Thursday 15 April 2010: Arrive at Budapest Airport to find that Aer Lingus flight EI 679 has been cancelled.  Having been in a virtual news vacuum, we have no idea why. The woman at the desk tells us the next Aer Lingus flight is a week away. We cancel and head to the Malev desk where one woman is sitting behind the counter dealing with a growing queue of stranded passengers. A man in the line is whingeing about ‘only needing to pay for excess baggage’. He’s not even flying Malev, but is rushed to the front of the line and accompanied by another staff member to his flight. She laments that he should have arrived on time and observed the baggage restrictions. He appears to have little concern for those of us who have already been in the line, and should be ahead of him, for some time. The Jewish lady (this is how she identified herself) behind us in the line tells us all about her day spent in Budapest…we’ve already been there three days and seen everything she talks about. She is just passing through. The young blonde in front of us is trying to get to Helsinki. She makes the last flight, but is confused by the mixed messages her airline is sending. We get to the front of the line and I’m about to burst a blood vessel due to stress. The girl at the desk says there’s a flight to Berlin that will close in 15 minutes, in that time we’d have to get to the gate in Terminal A, we’re currently in Terminal B. We decline and thank her. She’s stressed, we’re stressed, but she did her best.

 

We take a taxi to the train station to see if there may be a way out from there. It’s now raining. The woman at the station’s travel desk says there’s a train to Munich, but she can’t check us in at that time. The train isn’t scheduled to leave for another two and a half hours, so we’re not sure why we couldn’t be checked in. The woman is clearly sweating and struggling with her English. She too tries. There are many other people stranded at the station. We decide to try and find a hotel as it’s getting late, and no one gets anywhere when they’re too stressed to think straight. We wander over to the Best Western Hungaria and check in. Emmet and I leave Mum and Eileen to rest and head back to the information desk at the train station to see if anything is available tomorrow. There are some trains leaving for Germany, but most have upwards of four changes. I can’t justify that with Mum and Eileen and their bags. Running between connections is not a goer. We head over to MacDonald’s to use their free wifi. Still nothing. Maybe the bus? A couple of Quarter Pounders later and we head back to the room for a night of highly disrupted sleep.

 

Friday 16 April 2010: Awake from 5am. I try to take a shower quietly so as not to wake Emmet, but I manage to dislocate the shower head and it crashes into the bath. I eventually get my shower, but now Emmet is awake. We ponder what to do before collecting the ladies for breakfast. They too have been up since the crack of dawn, if not before. We decide that it’s probably best to have the day free for finding a route out and book an extra night at the Hungaria.
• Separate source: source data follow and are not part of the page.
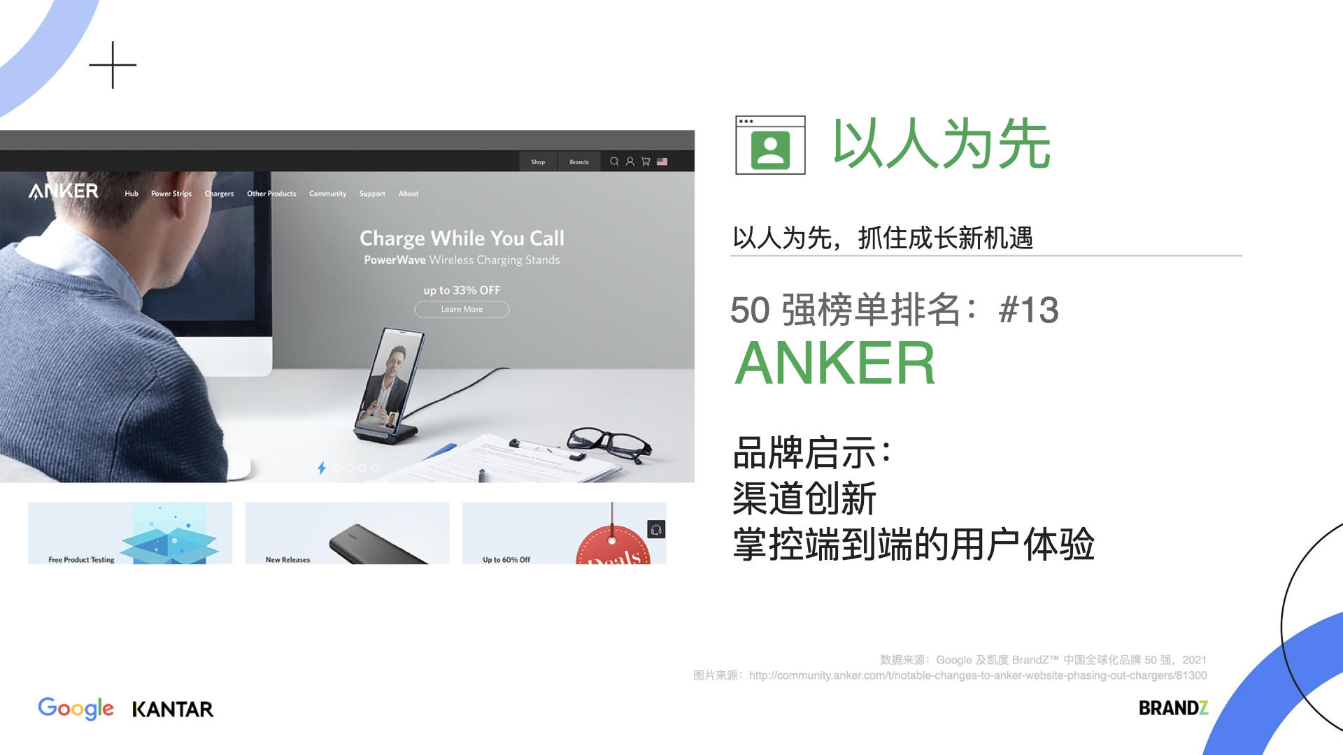 Anker 品牌启示(图片来源:谷歌 x 凯度《 2021 年凯度 BrandZ™ 中国全球化品牌 50 强》)
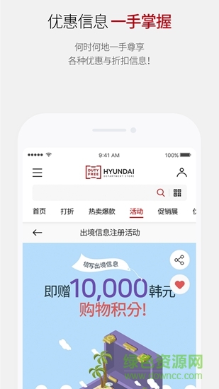 何时何地尊享推送等级优惠消息和现代百货免税店的各种活动及折扣活动消息。
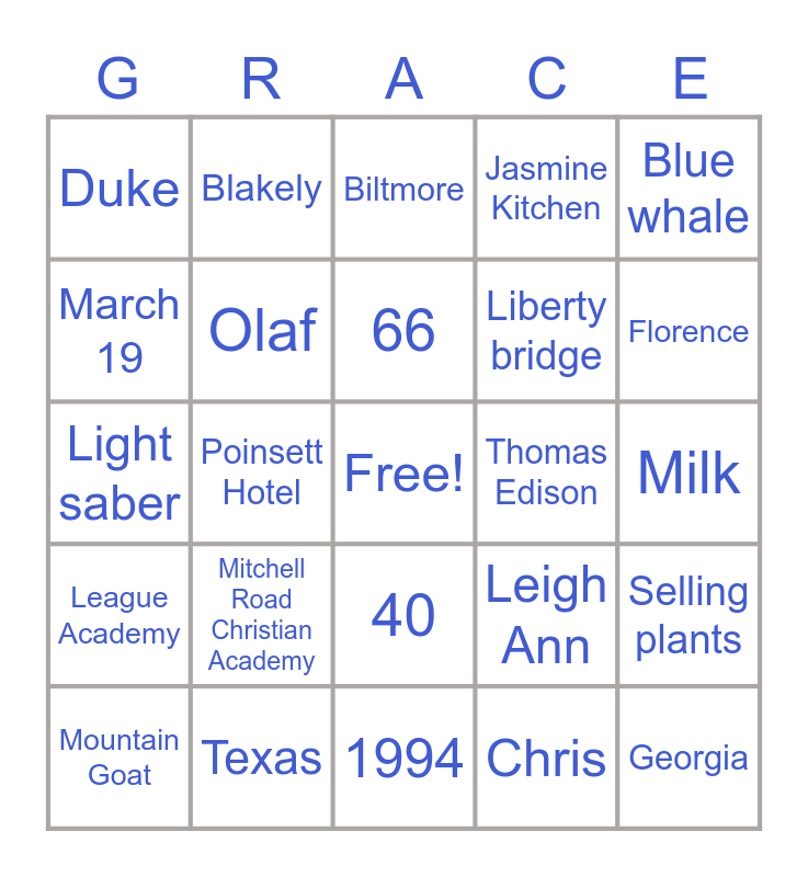 This bingo card has a free space and 64 words: Tiger, Maddie, Piano, Selling plants, Blue Ridge, Security, Blakely, GroupMe, 66, Bethlehem, 40, Mice, Milk, Blue whale, Clock, March 19, Poinsett Hotel, Duke, Clemson, Liberty bridge, Mitchell Road Christian Academy, League Academy, Jasmine Kitchen, Latte, Spill the beans, 1 Samuel, ENT, May 10, Pleasantburg, Philippines, Greenville drive, 3, 4, Nike, Florence, Mountain Goat, Child Life, Chris, Victor, Olaf, Light saber, Thomas Edison, Sidewall, Carol’s, Grace Downtown, Georgia, Texas, Peace Center, Leigh Ann, Chelsea, Savannah, 1939, 1994, Top Gun, Finding Nemo, 9, Biltmore, Sassafrass mountain, 2004, Reedy River, Swamp Rabbit Trail, Jordan, Elsa and Joey.

Emmet and I take the Metro to the bus station, where the Eurolines girl is able to offer us four tickets to Amsterdam leaving the following afternoon. Nothing else is available for days. From what we can see, no additional services have been scheduled as yet. We take the four tickets to Amsterdam, which will see us arrive some 22 hours later, on Sunday afternoon. The challenge is now to see whether we can get Mum and Eileen to Paris to connect with their Trafalgar tour, which is due to leave London on Sunday. They won’t make London, but Paris is a chance. We go back to the hotel, but not before making an emergency stop for clean undies and socks, and tell the ladies we have a way out. Emmet is all cuddles and moral support as I try desperately to find a way to get from Amsterdam to Paris on Sunday evening. I manage to get half way through a booking with Thalys, the high-speed train linking the two cities. The hotel’s internet browser shuts down halfway through. It’s available, and I need to book the seats. My Mum needs to get to see Venice. We head to the train station to look for an internet cafe. It’s seedy. It doesn’t work out – for the better in the long run as who knows how secure those computers were! The four of us walk into town, to three travel agents, none of whom can help us. Two don’t do train tickets. One can’t sell us a ticket for a journey beginning and ending outside of the state. We go to a second internet cafe where, finally, the ticket is booked! And printed on a printer that allegedly hasn’t worked for days. A sigh of relief. At least the ladies get to their tour. As for Emmet and me? We book a hotel in Amsterdam, knowing full well we’re going to need somewhere to lie down after 22 hours on a bus.

 

Saturday 17 April 2010: Packed, checked out and with a backpack full of ham and cheese bread rolls, apples and water we board the Eurolines bus and wave goodbye to Budapest. Being on the bus is somewhat of a relief, but I’m already worried about the next leg for Emmet and me. I’m also concerned that we haven’t been able to print out the tickets Mum and Eileen need to take their train. We watch as the scenery changes around us between Hungary and Austria. I enjoy the site of wind farms along the way. To me they’re like dancers. In Austria we stop in Vienna. The bus station is packed. There are people wanting desperately to get on a bus and go just about anywhere, but preferably London. A strange fellow gets off our bus and onto one going to London. He seems to have been confused in Budapest and boarded the wrong bus. He had insisted on putting his seat right back into Eileen’s lap so we were glad to see him go. Whether he found his bus, I don’t know. The fumes in the bus station gave Emmet a headache. I was already popping pills trying to avoid a migraine. Drive on, driver.

 

Sunday 18 April 2010: Where are we? What time is it? Is it Euros here? Overnight we experience Europe via its truckstop restaurants and toilets. There are some very clean ones, let me tell you. There are also some in need of a good clean. Fortunately I picked up some wet wipes before we left Budapest. We stop on the border between Austria and Germany and hand our passports over to the immigration patrol. Our bus is cleared, but the one in front is not. Four passengers are hauled off into a small bungalow beside the motorway. The fellow is handcuffed, but still allowed to stand in the doorway for a cigarette. He is accompanied by three young women. One is pregnant. There are dramatic stories being told. I cannot hear them, but I can see arms flailing and desperate gestures. We drive on.

 

Following a number of power naps and constant readjustments in seating positions we eventually reach Amsterdam, where the weather is glorious. We take the train into the city proper and leave the ladies with the bags while Emmet and I run over to the library. It is the most spectacular library I have ever seen, and features some 200+ computers for use by patrons, free of charge! We log on and print off the tickets for Mum and Eileen. It’s sitting here I realise how smelly I am from spending 22 hours on a badly air-conditioned bus. I desperately need a shower. My hair feels horrible and my face is covered with a thin layer of grease. We run back to the train station and get the ladies in a taxi to the airport – the trains aren’t running from the central station today, as there’s track work taking place. They go. They text from the station. They make their connection.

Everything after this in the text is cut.